Hurt is a dangerous emotion

Months of misery thinking about Tipperary’s hurling woes disappeared after 63 and a half minutes on Sunday evening.

This win felt like ten wins rolled into one, made from intensity, aggression, discipline and a nice shower of rain just to mix it all together. It was as good a Tipperary win that I’ve ever witnessed in my lifetime; winning when they had no right to.
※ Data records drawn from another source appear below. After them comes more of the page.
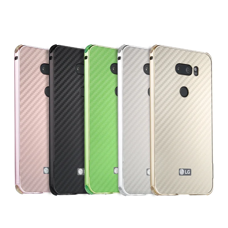 For LG V30 Case New Aluminum Metal Frame+Carbon Fiber Hard Back Cover Case Shockproof Phone Shell
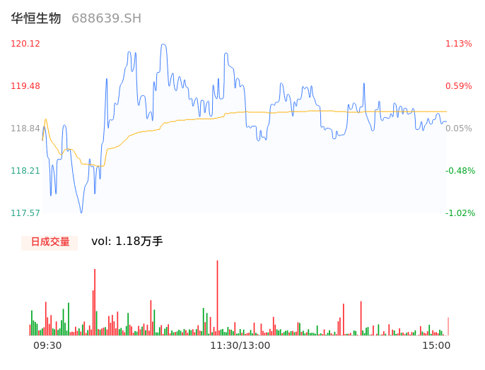 05月14日,华恒生物收报119.26,股价涨幅0.40%,成交金额1.40亿元,换手率0.75%。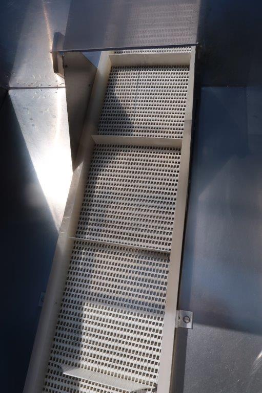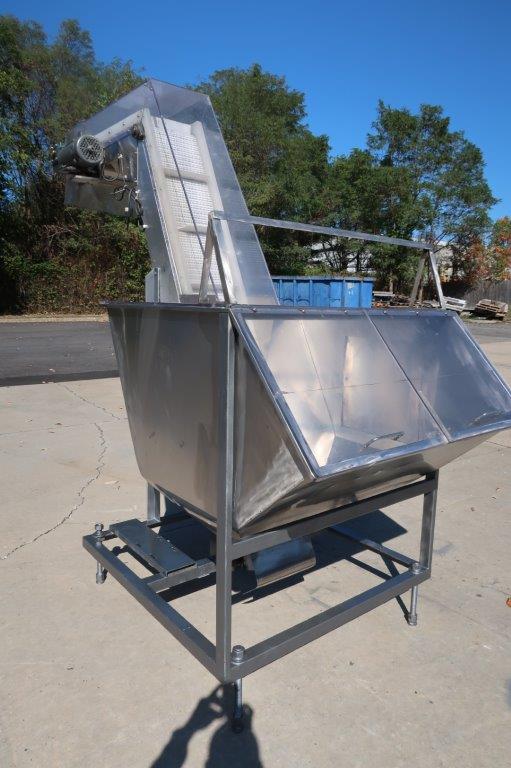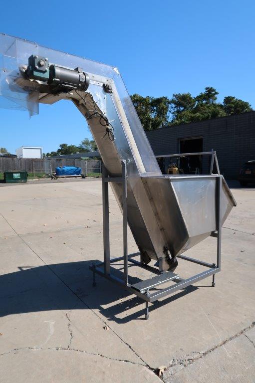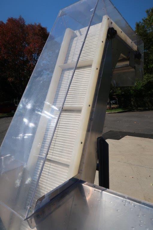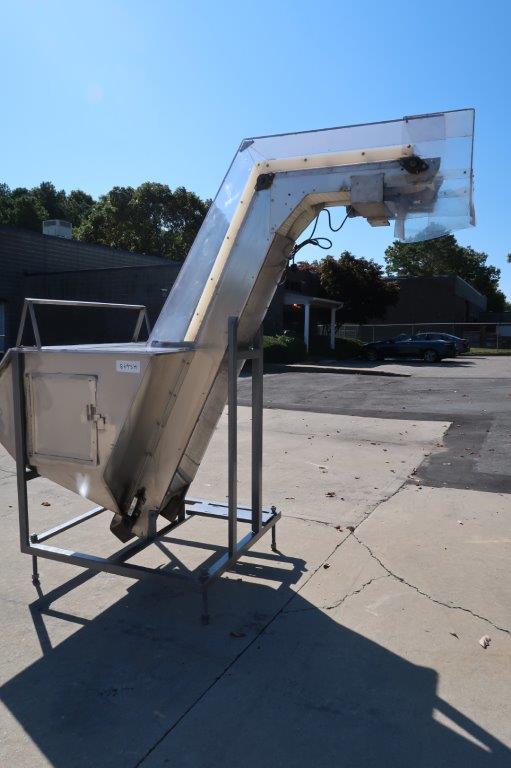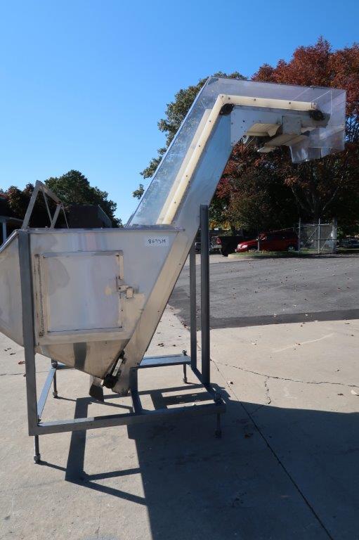 1 – Used Inclined Cap Elevator/ Cleated Belt Conveyor, 11 In. wide Belt. with approx.. 84 In. discharge height, this feeder has 2 In. high cleats spaced on 12 In. centers. Last used in personal care products industry. (Stock # 8693H)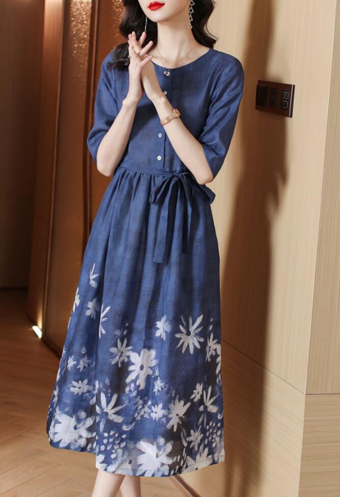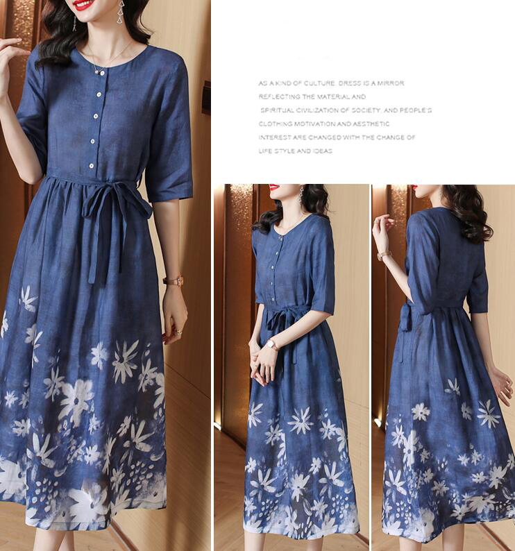 ワンピースロングワンピース花柄リネン綿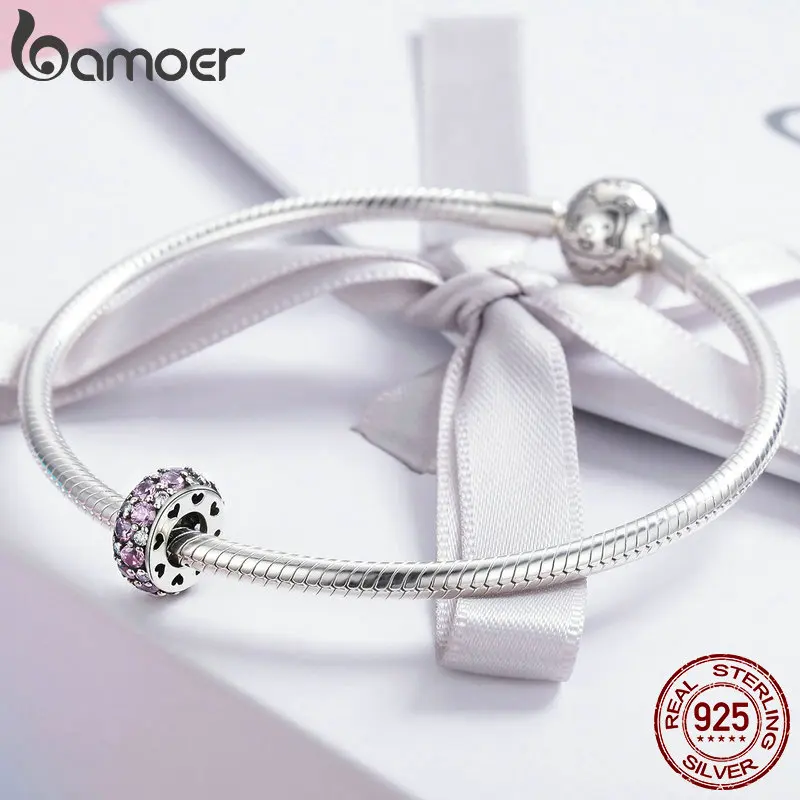 BAMOER новый подлинный классический браслет из стерлингового серебра 925 пробы с розовым кубическим цирконием, очаровательные бусы, браслеты для женщин, сделай сам, ювелирные украшения SCC635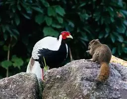 刚果孔雀栖息于海拔1200米以下的热带雨林深处,一般在水源附近活动。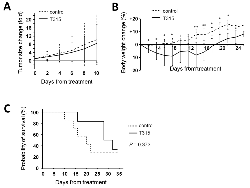 2.6. T315 Slows the Growth of THP-1 Xenografts and Prolongs the Survival of Tumor-Bearing Athymic Nude Mice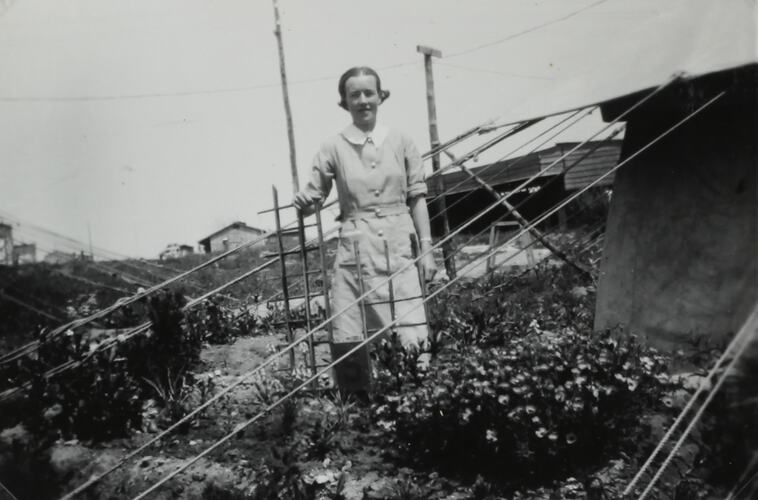 Nell Duncanson in military uniform standing in a garden next to a tent.
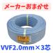 ▼送料無料 メーカー指定不可 VVFケーブル 3×2.0mm 1巻 製造年式1年未満を発送 被膜灰色 赤白黒 3芯2.0 2.0mm×3C VA線 電線 電材
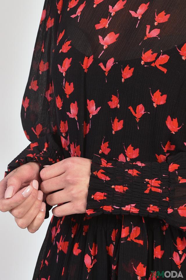 Это платье от Hugo – воплощение женственности и стиля. Выполнено в черном цвете и украшено ярким принтом из красных цветов, что придает образу особую выразительность.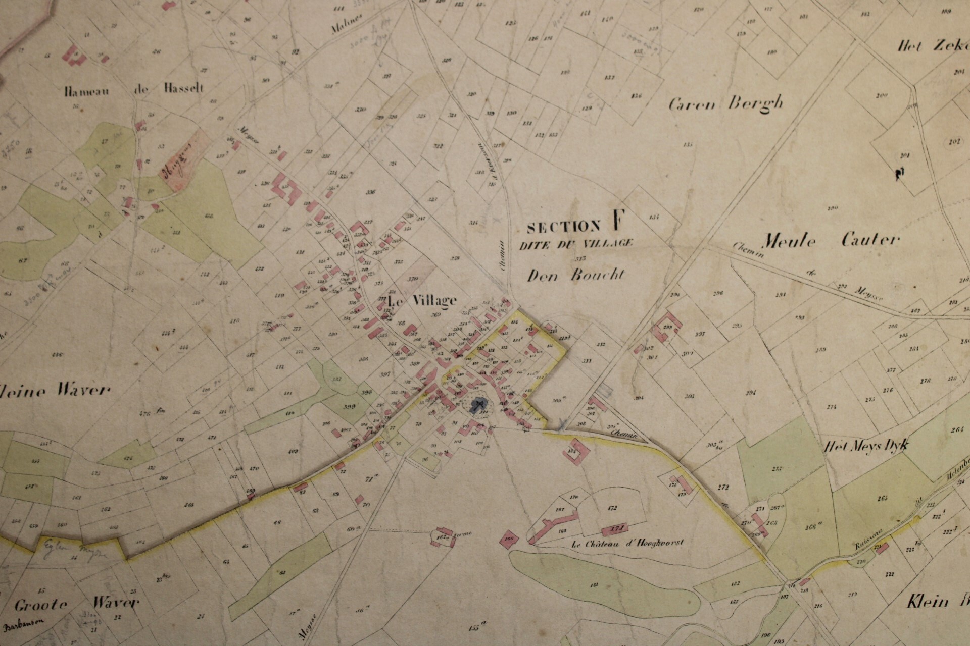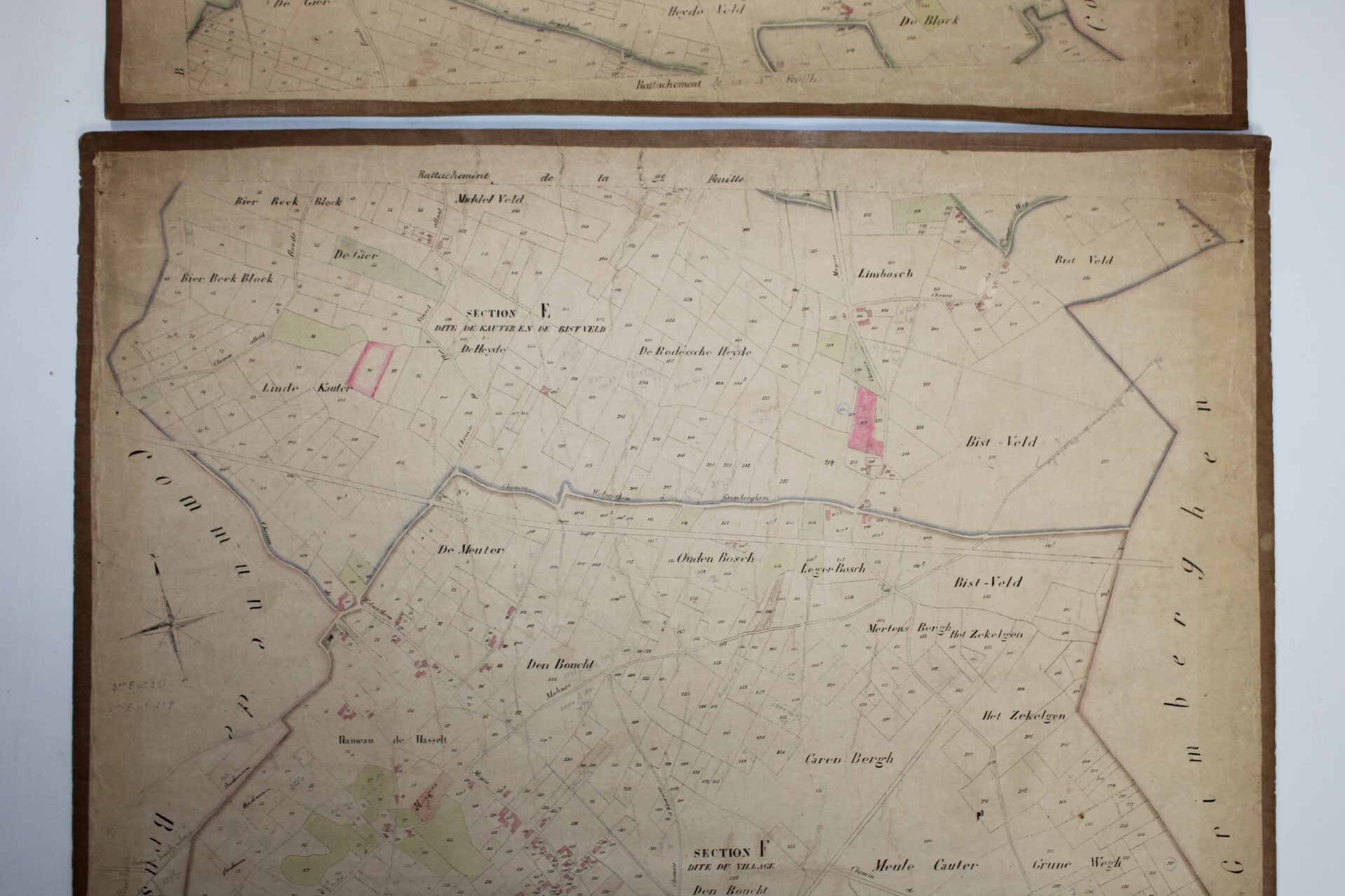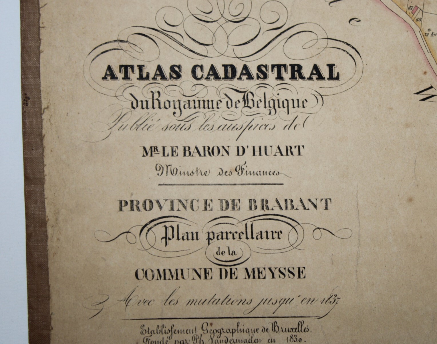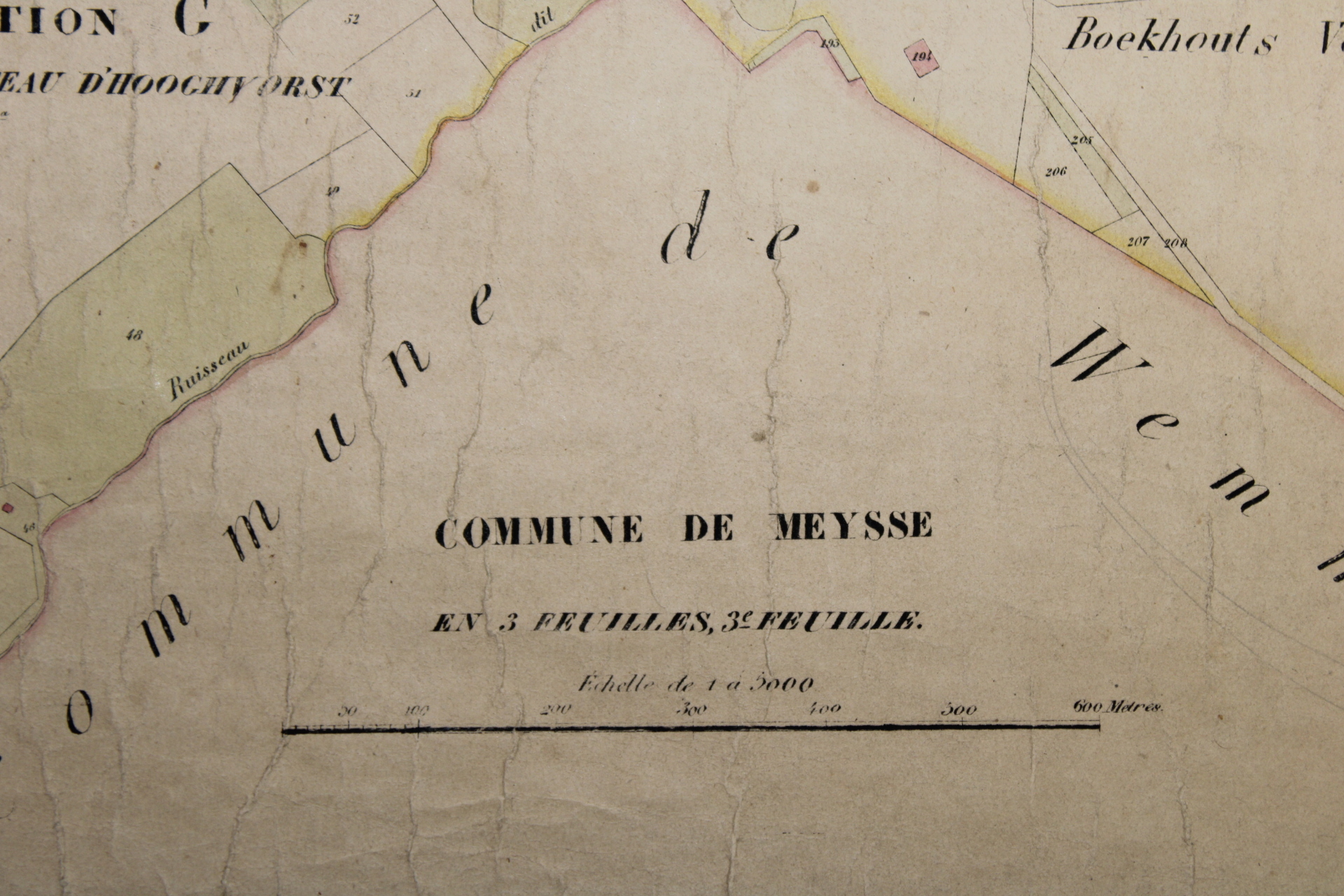 A set of 3 large original cadastral map of Meise or 'Meysse', drawn by cartographer Philippe Vandermaelen and published as the "Atlas Cadastral" between 1846 and 1854. Indication: "Avec les mutations jusqu'en 1837". Scale: 1 à 5000.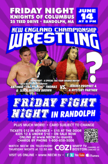 New England Championship Wrestling returns to the Knights of Columbus, 25 Teed Drive, Randolph, MA on Friday night, June 14th, 2013 for a FRIDAY FIGHT NIGHT!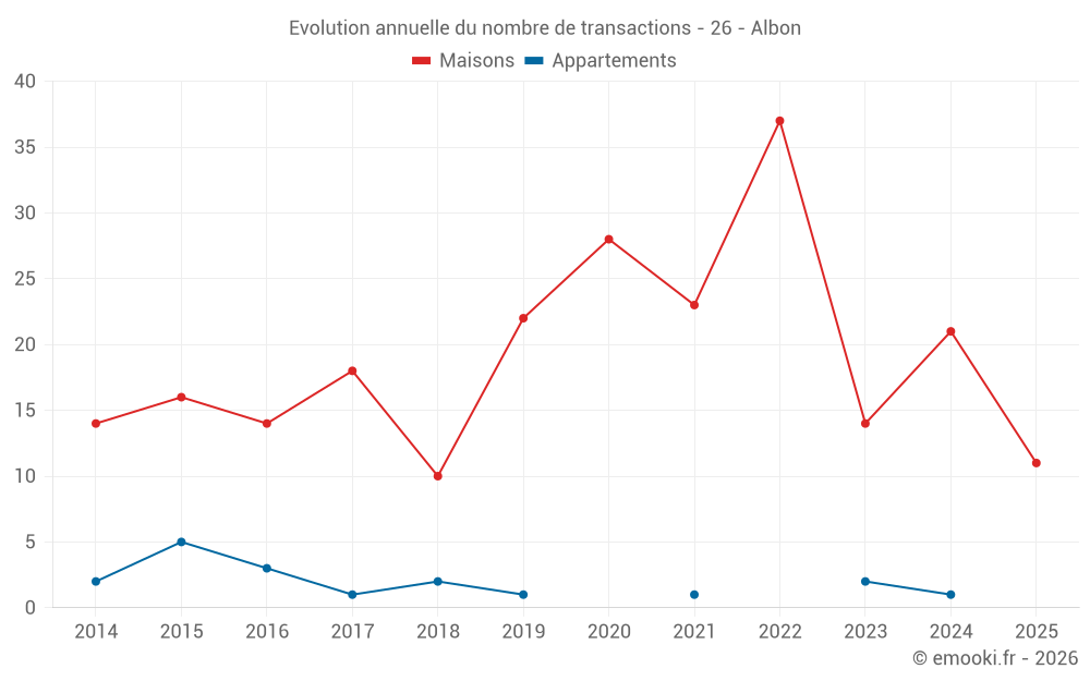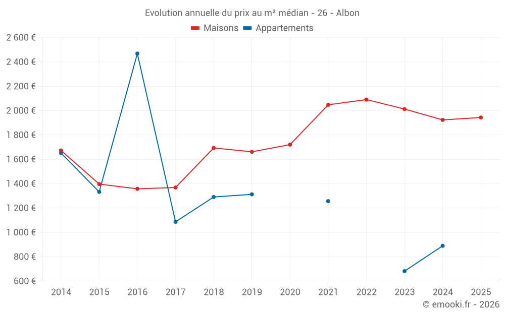 Le prix médian sur les 25 transactions de maisons des 12 derniers mois dans la commune d'Albon était de 1 989 € par mètre carré pour une valeur foncière médiane de 207 000 €. Sur cette période 60% des transactions se sont situées entre 1 282 et 2 429 € par mètre carré (du 2ème au 8ème déciles).

The first two minutes told Liam Cahill that his troops were ready to declare war on Cork. They won a sharp ball on the inside line for a nerve-settling score. Next, they nearly turned over the Cork goalkeeper on the puckout before making the rebels work unbelievably hard to move the ball out of defence. In fact, Cork could not cleanly break one tackle in that period. While Tipperary resembled a juvenile team in the Munster final, this was workrate worthy of the most intense senior inter-county game. Cork became anxious and all of a sudden the ambush was a possibility.

 

The key to this workrate is not as simple as the word ‘workrate’ suggests. For it to materialise, there must be players (forwards mostly) willing to leave their positions to close down the player who is about to receive a pass. Several times Cian Darcy, Jake Morris and Conor Stakelum would chase backmen out the field, and when they knew it was being passed on to the half back or midfielder would stay going at top pace to help stop the attack. It is a domino effect and if one player switches off then the Cork guys would have gotten out of defence scot free and ready to set up an attack, which happened with ease in the Munster Final.